Exercise instructions
Print exactly, and only, the lines from the one that has "5.蚝油加水加生粉打成芡汁,淋在腐皮卷上,上锅蒸3分钟即可。" through the end of the material below, with both ends included and the pictures omitted.

Collected data
*** Block opens ***
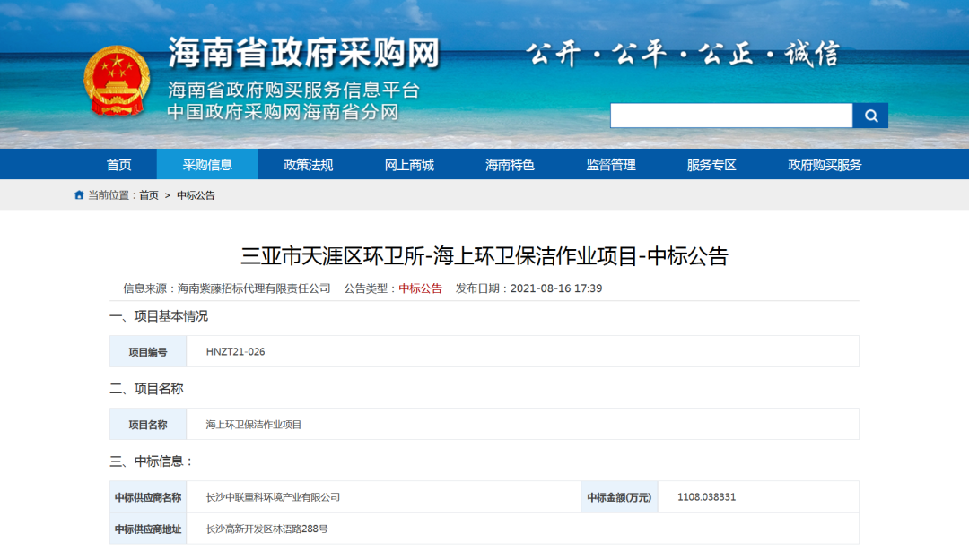 海南省政府采購(gòu)網(wǎng)消息,8月15日,三亞市天涯區(qū)環(huán)衛(wèi)所海上環(huán)衛(wèi)保潔作業(yè)項(xiàng)目公布中標(biāo)結(jié)果,盈峰環(huán)境子公司長(zhǎng)沙中聯(lián)重科環(huán)境產(chǎn)業(yè)有限公司以,中標(biāo)結(jié)果如下:中標(biāo)供應(yīng)商名稱:長(zhǎng)沙中聯(lián)重科環(huán)境產(chǎn)業(yè)有限公司中標(biāo)金額:1108.038331(萬(wàn)元) /年服務(wù)期限:3年服務(wù)內(nèi)容:海域保潔、沙灘保潔、河面保潔、護(hù)坡保潔、...
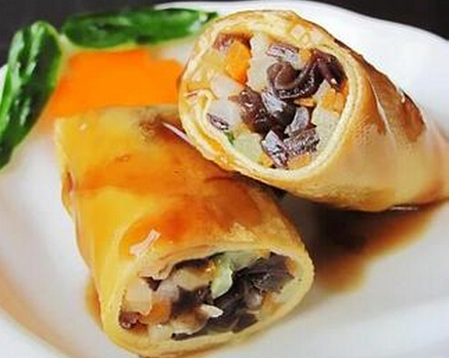 5.蚝油加水加生粉打成芡汁,淋在腐皮卷上,上锅蒸3分钟即可。
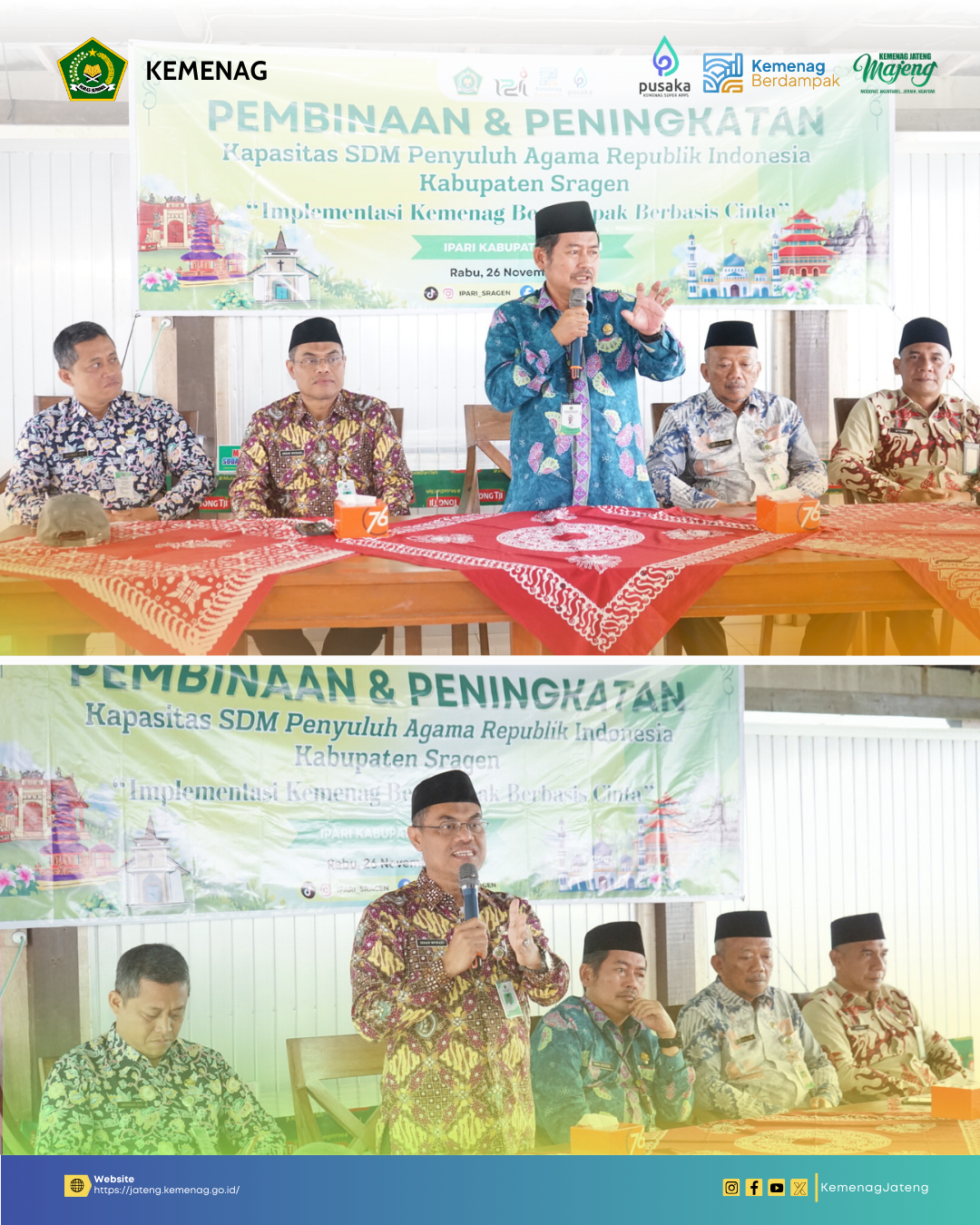 Kepala Kantor Kementerian Agama (Kemenag) Kabupaten Sragen, Ihsan Muhadi, hadir sebagai pemateri menyoroti pentingnya profesionalitas dan peningkatan kapasitas penyuluh dalam mewujudkan program Kemenag Berdampak, yang harus dilaksanakan dengan pendekatan humanis, moderat, dan berbasis kelembutan hati.
*** Block closes ***
Answer section
 5.蚝油加水加生粉打成芡汁,淋在腐皮卷上,上锅蒸3分钟即可。
 Kepala Kantor Kementerian Agama (Kemenag) Kabupaten Sragen, Ihsan Muhadi, hadir sebagai pemateri menyoroti pentingnya profesionalitas dan peningkatan kapasitas penyuluh dalam mewujudkan program Kemenag Berdampak, yang harus dilaksanakan dengan pendekatan humanis, moderat, dan berbasis kelembutan hati.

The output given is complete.